Amenorrhea: an approach to diagnosis and management.

Although amenorrhea may result from a number of different conditions, a systematic evaluation including a detailed history, physical examination, and laboratory assessment of selected serum hormone levels can usually identify the underlying cause. Primary amenorrhea, which by definition is failure to reach menarche, is often the result of chromosomal irregularities leading to primary ovarian insufficiency (e.g., Turner syndrome) or anatomic abnormalities (e.g., Müllerian agenesis). Secondary amenorrhea is defined as the cessation of regular menses for three months or the cessation of irregular menses for six months. Most cases of secondary amenorrhea can be attributed to polycystic ovary syndrome, hypothalamic amenorrhea, hyperprolactinemia, or primary ovarian insufficiency. Pregnancy should be excluded in all cases. Initial workup of primary and secondary amenorrhea includes a pregnancy test and serum levels of luteinizing hormone, follicle-stimulating hormone, prolactin, and thyroid-stimulating hormone. Patients with primary ovarian insufficiency can maintain unpredictable ovarian function and should not be presumed infertile. Patients with hypothalamic amenorrhea should be evaluated for eating disorders and are at risk for decreased bone density.

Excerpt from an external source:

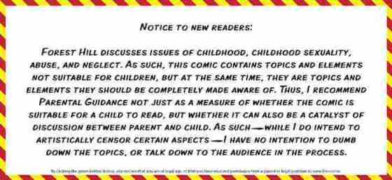 In a previous Internet Spotlight I talked about the webcomic Forest Hill. It’s a comic by T. Rodriguez that started out being about an anthropomorphic world where a new family entering the titular town adjusted to their new lives as well as the family they befriend. As the comic went on the story the comedy was toned down as it ended up taking a rather dark turn. The children dealt with violent bullies, a pedophile ring, sexual abuse and rape. For more on that check out the link earlier.
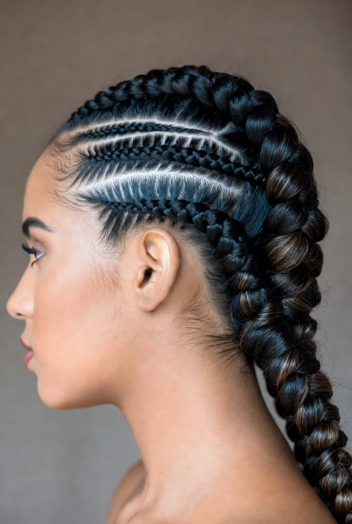 I’ve seen stunning versions where one side has thin cornrows while the other features a single jumbo braid. The imbalance creates visual drama that’s hard to ignore.

Patients with polycystic ovary syndrome are at risk for glucose intolerance, dyslipidemia, and other aspects of metabolic syndrome. Patients with Turner syndrome (or variant) should be treated by a physician familiar with the appropriate screening and treatment measures. Treatment goals for patients with amenorrhea may vary considerably, and depend on the patient and the specific diagnosis.